The theme of this year’s Holocaust Memorial Day is “Learn for a better future,” urging people to reflect on the lessons of the Holocaust and more recent genocides.
The first was a service at the Great Hall at Lambeth Palace, hosted by the Council of Christians and Jews. Cottrell introduced the event along with Rabbi Jonathan Wittenberg, rabbi of the New North London Synagogue and senior rabbi of Masorti Judaism UK. It then included testimonies from Holocaust survivor Martin Stern and second-generation Roma survivor, Daniela Abraham. Stern survived camps at both Westerbork and Theresienstadt, held there after the Nazis invaded the Netherlands.
Writer and ceramicist Edmund de Waal, whose Jewish ancestors were driven out of Vienna by the Nazis in 1938, offered a reflection. He also had created a candleholder especially for the ceremony, which Mullally and others lighted.
Cottrell and Mullally later attended a national service of remembrance at the Guildhall in London, joined by members of the royal family, members of Parliament, faith leaders, and survivors of the Holocaust and the Cambodia, Rwanda, Bosnia and Darfur genocides.

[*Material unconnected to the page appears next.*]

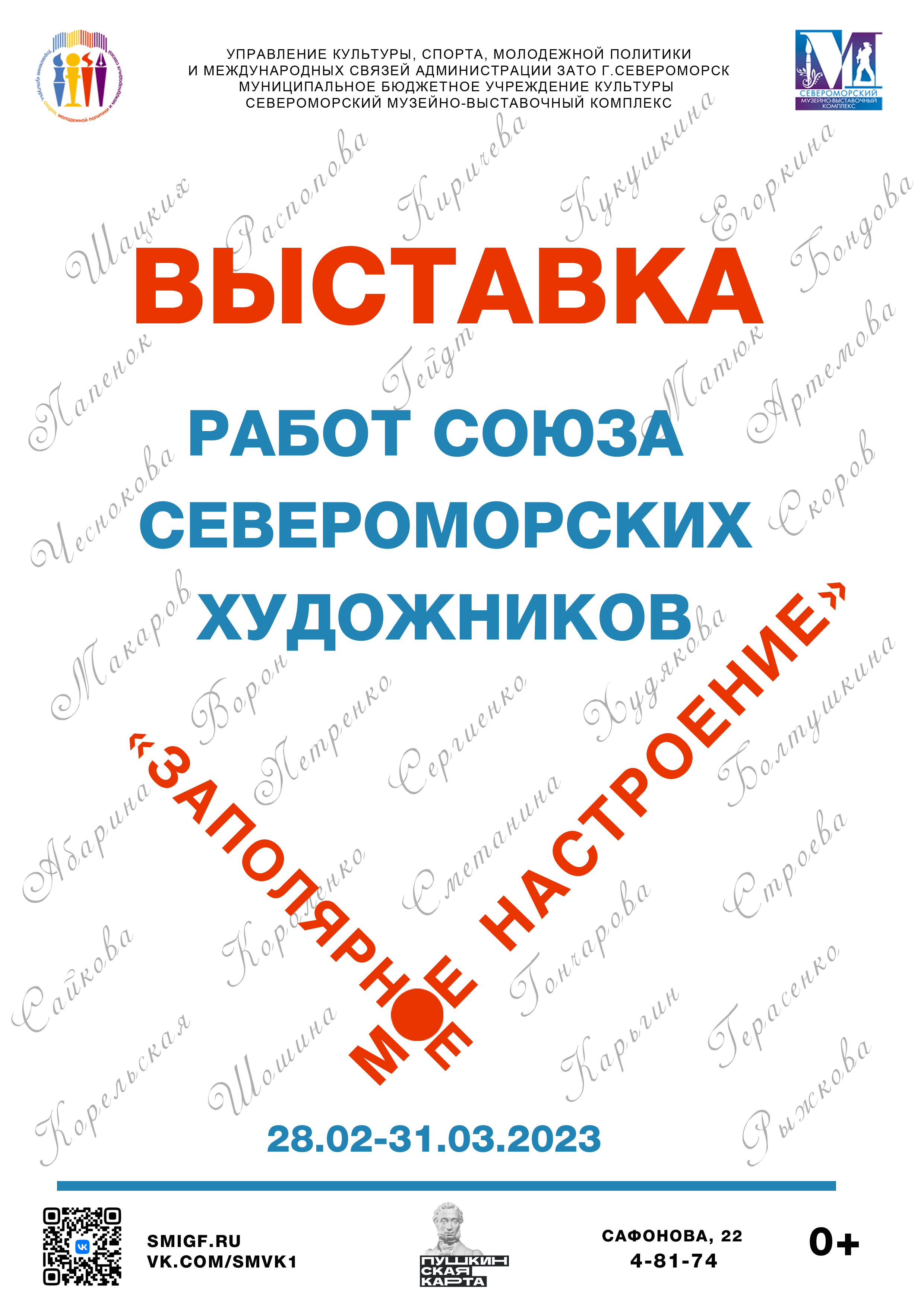 Союз художников города Североморска — любительское творческое объединение, образованное в 1993 году на базе Изостудии Северного флота по инициативе группы профессиональных художников при поддержке администрации ЗАТО г. Североморск и отдела культуры СФ. На протяжении многих лет североморские художники прославляют город своим творчеством. Члены союза провели сотни выставок в Мурманской области, отдаленных гарнизонах, во многих городах России, а также за рубежом. В экспозиции под названием «Заполярное моё настроение» представлено около 50 живописных и графических работ 30 авторов. Большая часть из них выполнена в 2022-2023 годы.Жанры, направления и сюжеты картин многообразны и позволят зрителю познакомиться с многообразием творчества талантливых художников-североморцев.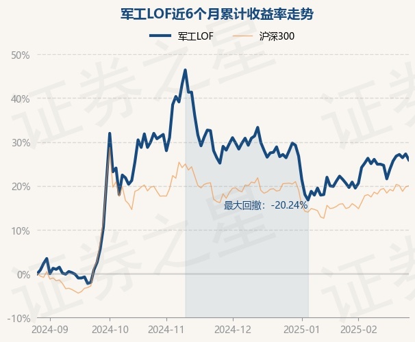 证券之星消息,2月27日,军工LOF最新单位净值为1.02元,累计净值为1.721元,较前一交易日下跌1.07%。历史数据显示该基金近1个月上涨5.37%,近3个月下跌2.39%,近6个月上涨25.93%,近1年上涨16.17%。该基金近6个月的累计收益率走势如下图:

Cottrell said, “Eighty years on since the liberation of Auschwitz, we gather to mark Holocaust Memorial Day remembering the millions of people who were killed during the Second World War. The Holocaust is a horrifying reminder of what can happen when the world turns its head. Across their death camps, the Nazis murdered more than six million people, mostly Jews, each made lovingly in God’s image. We must not ignore such crimes.
“I pray for the survivors of this sin against humanity, the majority of whom were children at the time, born into a world that wanted to kill them. Each one of them is a living testimony to the horrors of war, but also the towering resilience in the face of such unspeakable evil. I give thanks for them, and pray for God’s protection over them as they confront again this painful part of their past, and our history.
“‘Evil triumphs when good men do nothing’ – let us strive for peace and recognize we are of the one same humanity.”